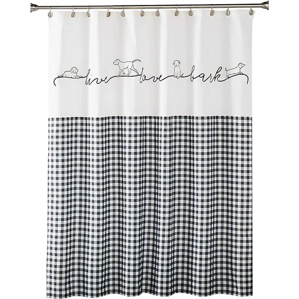 Cortina de ducha impresa y de piezas con cinta aplicada con palabras y apliques y bordado
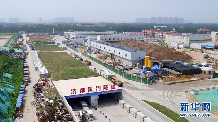 這是7月29日拍攝的“萬里黃河第一隧”——濟南黃河隧道工程施工工地(無人機照片)。新華社記者王凱攝
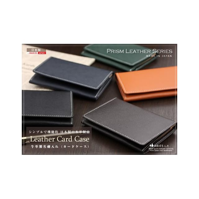 [アビエス] 日本製 本革 名刺入れ プリズム(角シボ型押し牛革) グリーン
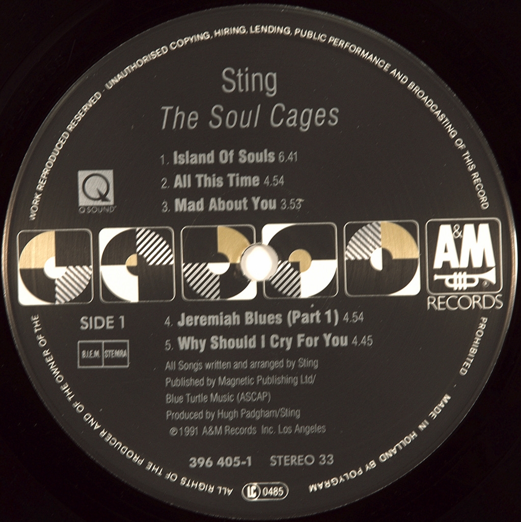 STING-THE SOUL CAGES-1991-ПЕРВЫЙ ПРЕСС-HOLLAND-AM номер 396405-1. Очень редкий европейский оригинал оригинал культового альбома. The Soul Cages - третий студийный альбом британского рок-музыканта Стинга, был выпущен 22 января 1991 года. Он стал вторым альбомом певца, который достиг вершины национального чарта на его родине. В поддержку альбома было выпущено четыре сингла: «All This Time», «Mad About You», «Why Should I Cry For You» и «The Soul Cages», последний выиграл премию «Грэмми» в номинации «Лучшая рок-песня» в 1992 году.

********

> Problem description
Please write the data out again exactly, but do not carry over the pictures.

> Response area
 Cortina de ducha impresa y de piezas con cinta aplicada con palabras y apliques y bordado
 這是7月29日拍攝的“萬里黃河第一隧”——濟南黃河隧道工程施工工地(無人機照片)。新華社記者王凱攝
 [アビエス] 日本製 本革 名刺入れ プリズム(角シボ型押し牛革) グリーン
 STING-THE SOUL CAGES-1991-ПЕРВЫЙ ПРЕСС-HOLLAND-AM номер 396405-1. Очень редкий европейский оригинал оригинал культового альбома. The Soul Cages - третий студийный альбом британского рок-музыканта Стинга, был выпущен 22 января 1991 года. Он стал вторым альбомом певца, который достиг вершины национального чарта на его родине. В поддержку альбома было выпущено четыре сингла: «All This Time», «Mad About You», «Why Should I Cry For You» и «The Soul Cages», последний выиграл премию «Грэмми» в номинации «Лучшая рок-песня» в 1992 году.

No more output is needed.